_The problem_.
The entries need to be copied exactly as they stand, images left out.

_Data section_.
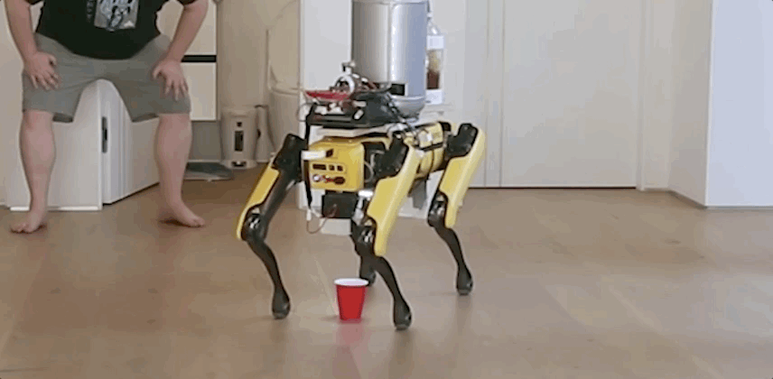博主Michael Reeves最初的想法只是让机器狗Spot成为了一个能够帮人倒啤酒的好帮手。
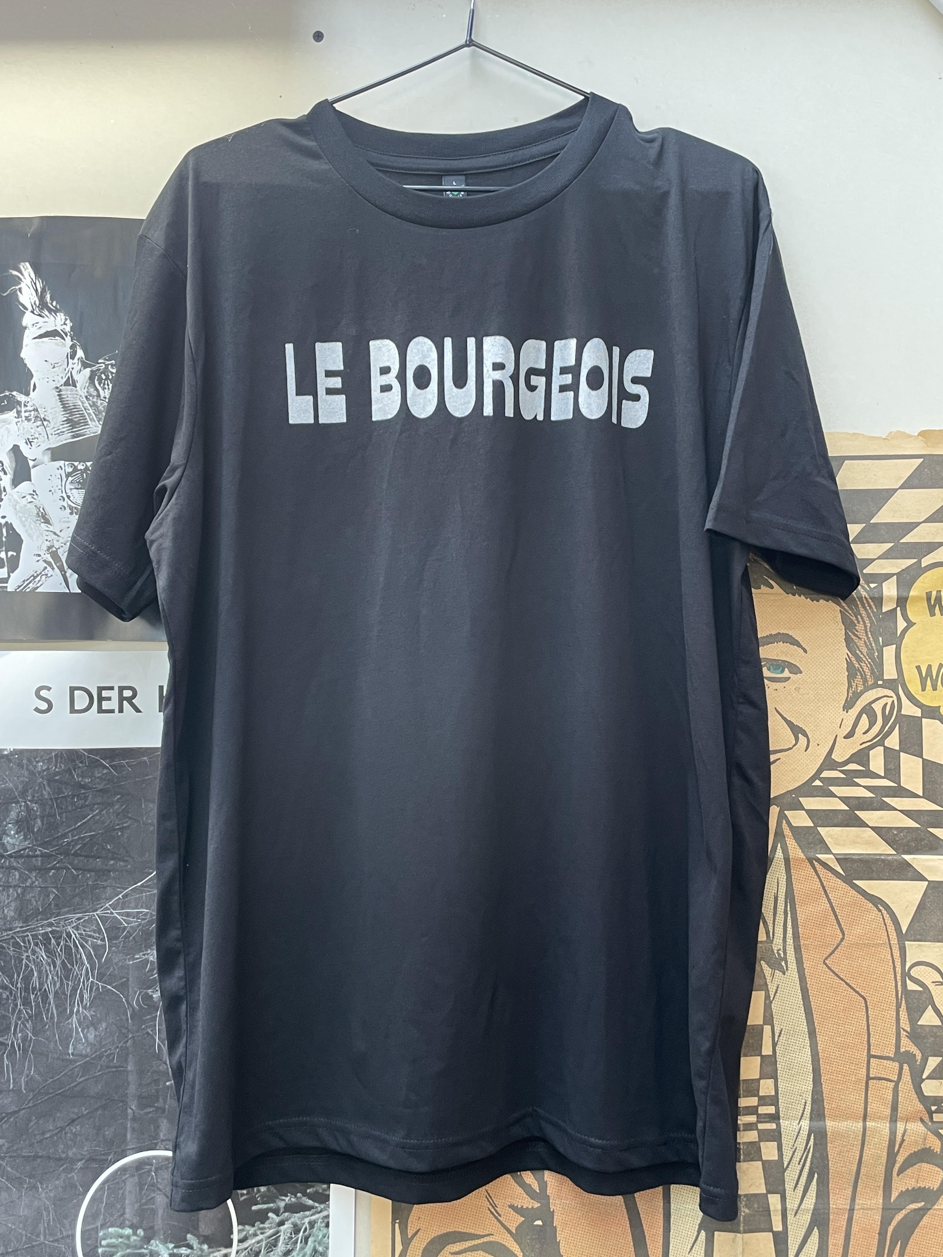 Le Bourgeois t-shirt. Silver ink Screen-print on black organic cotton t-shirt. Sizes XS/S/M/L/XL. £25.00 + p+p
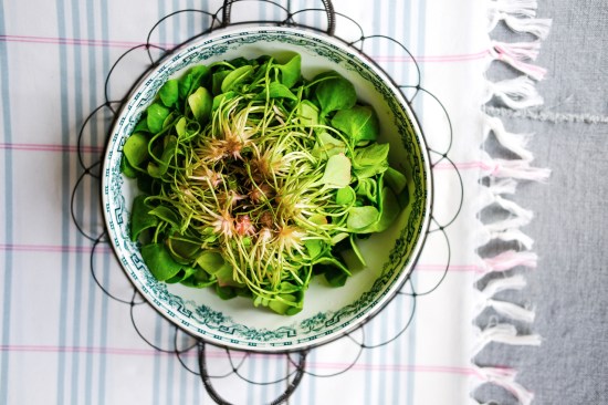Purslane is one of my three favorite spring greens in this simple trilogy.
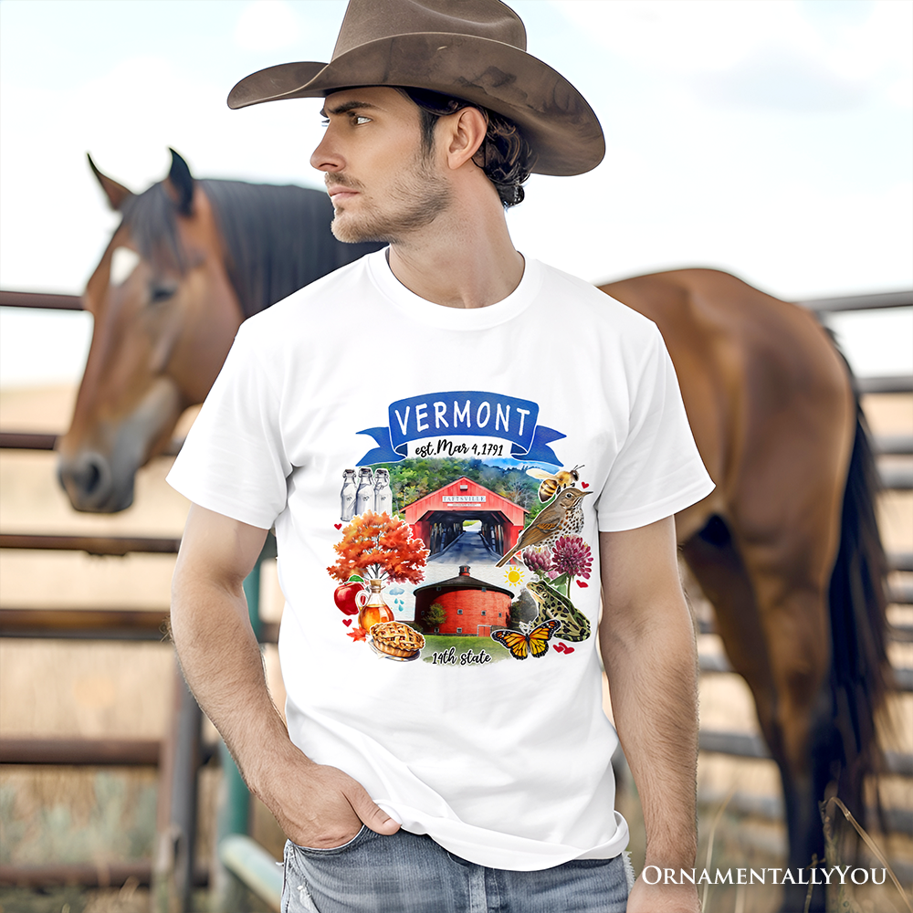 Artistic Vermont State Themes and Landmarks T-Shirt, Tee for History and Travel Lovers
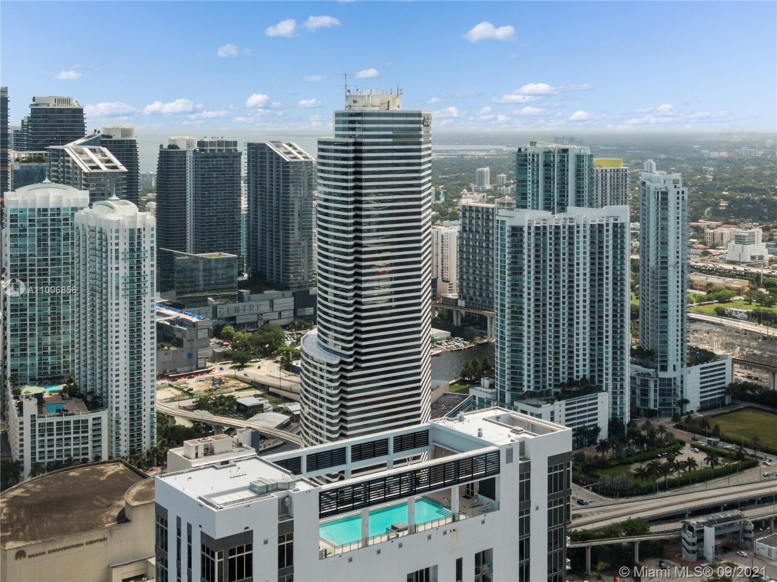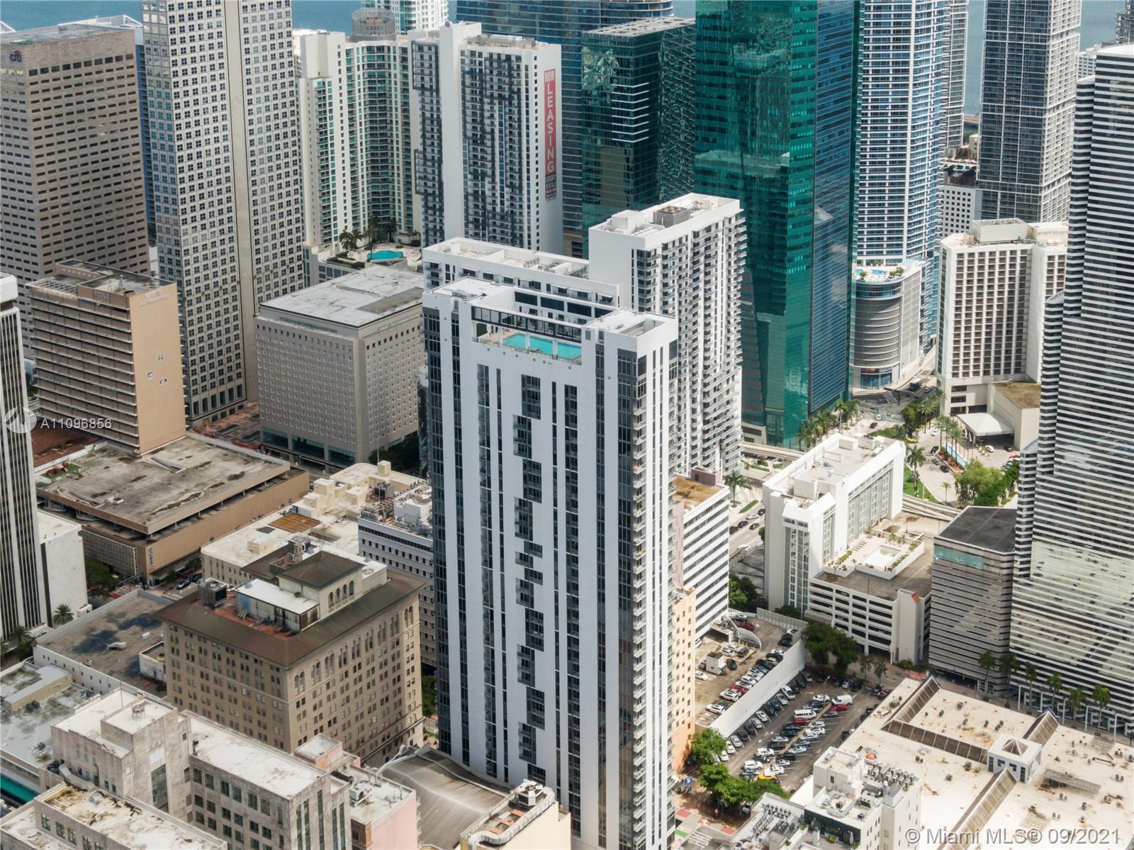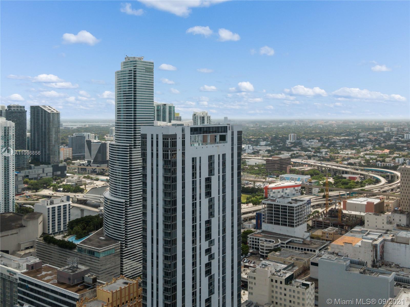 Stunning Least expensive higher floor unit 1/1 open floor plan at Centro Downtown Miami w/ a great view of the Miami Skyline located in the heart of Downtown Miami & steps to Brickell area. This apt features a modern design w polished concrete floors, 10 ft. ceilings, walking closet, Italian cabinetry & stainless steel appliances. Washer & dryer inside of unit. Walking distance to restaurants & entertainments! Amenities: 24 hrs. Concierge, 24 hrs. Valet, Pool roof top, gym, TV room, lounge, etc. Unit is currently rented month to month basis. Building allows min 30 day rentals.
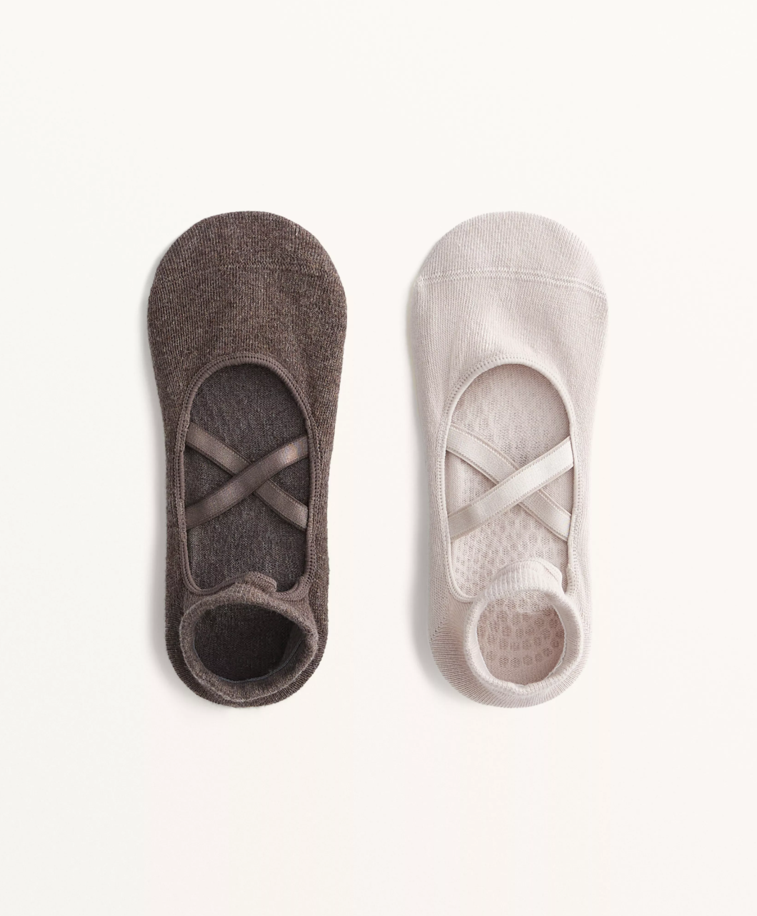 Grudnjak koji je integrisan u majicu garantuje udobnost i stabilnost tokom brojnih vežbi, a rebrasti detalji sa strane unose dinamiku i inače minimalistički komad. Još jedan sportski grudnjak – nešto lakši, ali i dalje sa korpama i punjenjem – je na našoj wishlisti. Ono što nam se kod njega dopalo, pored dizajna, jeste i boja – prelepa nijansa narandžaste. Helanke, ovog puta ne u zvonastom stilu, već uske, u teget boji, su takođe odličan izbor. Za nešto ležerniji, a opet aktivan momenat, biramo pamučnu sivu trenerku. Ako ste u pilates ili joga eri, poslednje dve stvari će vam biti od koristi. Prve su čarape specifično dizajnirane za jogu i pilates, sa dve ukrštene elastične trake. Silikon na đonu sprečava pomeranje – i tako su ove čarape idealne za ovaj tip vežbi, kao i reformer mašine. Na kraju, simbolično, tu je i traka za istezanje – obavezna stvar za početak i kraj svakog kvalitetnog treninga.
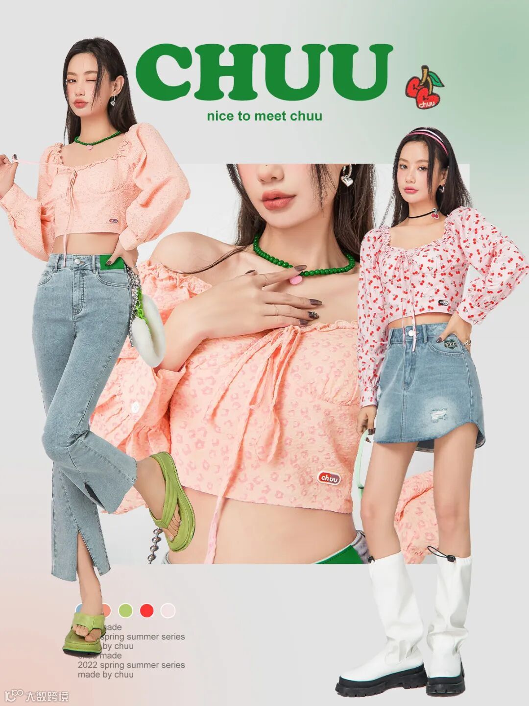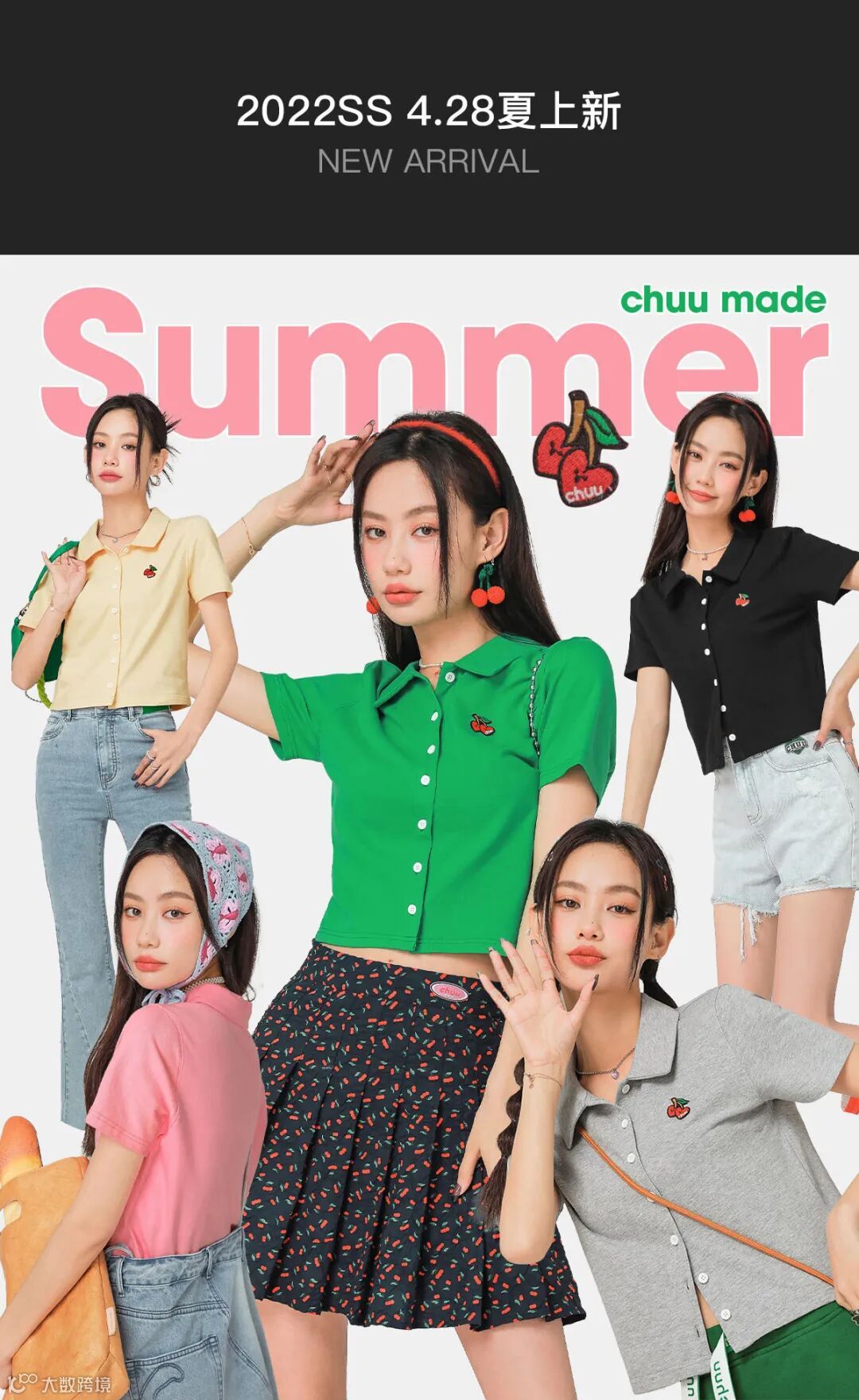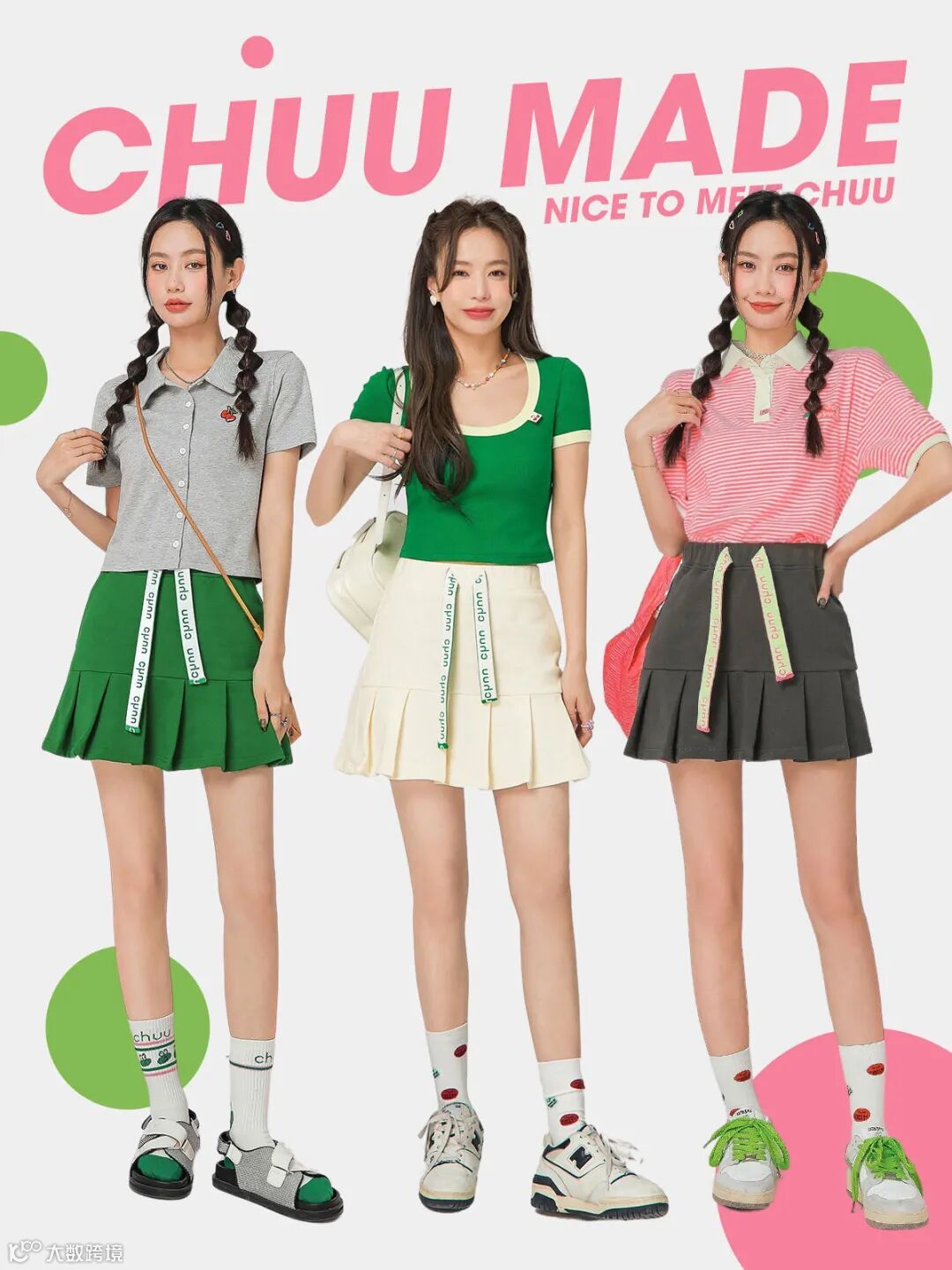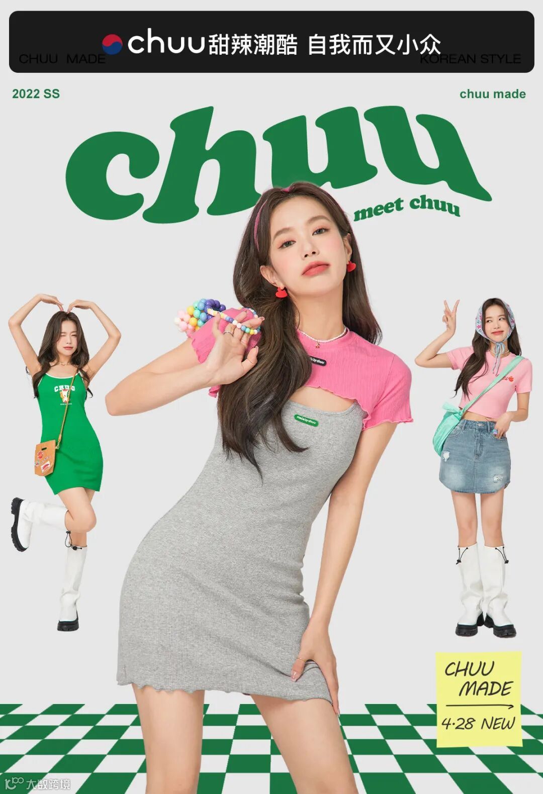 chuu,韩国本土网红潮流时尚品牌。2012年创立于韩国首尔。甜辣,轻运动,高调张扬的自我穿搭方式。
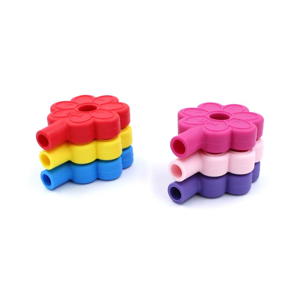 Does chewing on pencils sound familiar? Made in the USA, ARK’s Flower Chewable Pencil Topper is the perfect solution. It has a flower design with a tactile rib around the petals, with a hollow sleeve to fit over the end of a pencil. Like all other ARK chews, it’s available in 3 color-coded toughness levels:

_Result_.
博主Michael Reeves最初的想法只是让机器狗Spot成为了一个能够帮人倒啤酒的好帮手。
 Le Bourgeois t-shirt. Silver ink Screen-print on black organic cotton t-shirt. Sizes XS/S/M/L/XL. £25.00 + p+p
Purslane is one of my three favorite spring greens in this simple trilogy.
 Artistic Vermont State Themes and Landmarks T-Shirt, Tee for History and Travel Lovers
 Stunning Least expensive higher floor unit 1/1 open floor plan at Centro Downtown Miami w/ a great view of the Miami Skyline located in the heart of Downtown Miami & steps to Brickell area. This apt features a modern design w polished concrete floors, 10 ft. ceilings, walking closet, Italian cabinetry & stainless steel appliances. Washer & dryer inside of unit. Walking distance to restaurants & entertainments! Amenities: 24 hrs. Concierge, 24 hrs. Valet, Pool roof top, gym, TV room, lounge, etc. Unit is currently rented month to month basis. Building allows min 30 day rentals.
 Grudnjak koji je integrisan u majicu garantuje udobnost i stabilnost tokom brojnih vežbi, a rebrasti detalji sa strane unose dinamiku i inače minimalistički komad. Još jedan sportski grudnjak – nešto lakši, ali i dalje sa korpama i punjenjem – je na našoj wishlisti. Ono što nam se kod njega dopalo, pored dizajna, jeste i boja – prelepa nijansa narandžaste. Helanke, ovog puta ne u zvonastom stilu, već uske, u teget boji, su takođe odličan izbor. Za nešto ležerniji, a opet aktivan momenat, biramo pamučnu sivu trenerku. Ako ste u pilates ili joga eri, poslednje dve stvari će vam biti od koristi. Prve su čarape specifično dizajnirane za jogu i pilates, sa dve ukrštene elastične trake. Silikon na đonu sprečava pomeranje – i tako su ove čarape idealne za ovaj tip vežbi, kao i reformer mašine. Na kraju, simbolično, tu je i traka za istezanje – obavezna stvar za početak i kraj svakog kvalitetnog treninga.
 chuu,韩国本土网红潮流时尚品牌。2012年创立于韩国首尔。甜辣,轻运动,高调张扬的自我穿搭方式。
 Does chewing on pencils sound familiar? Made in the USA, ARK’s Flower Chewable Pencil Topper is the perfect solution. It has a flower design with a tactile rib around the petals, with a hollow sleeve to fit over the end of a pencil. Like all other ARK chews, it’s available in 3 color-coded toughness levels:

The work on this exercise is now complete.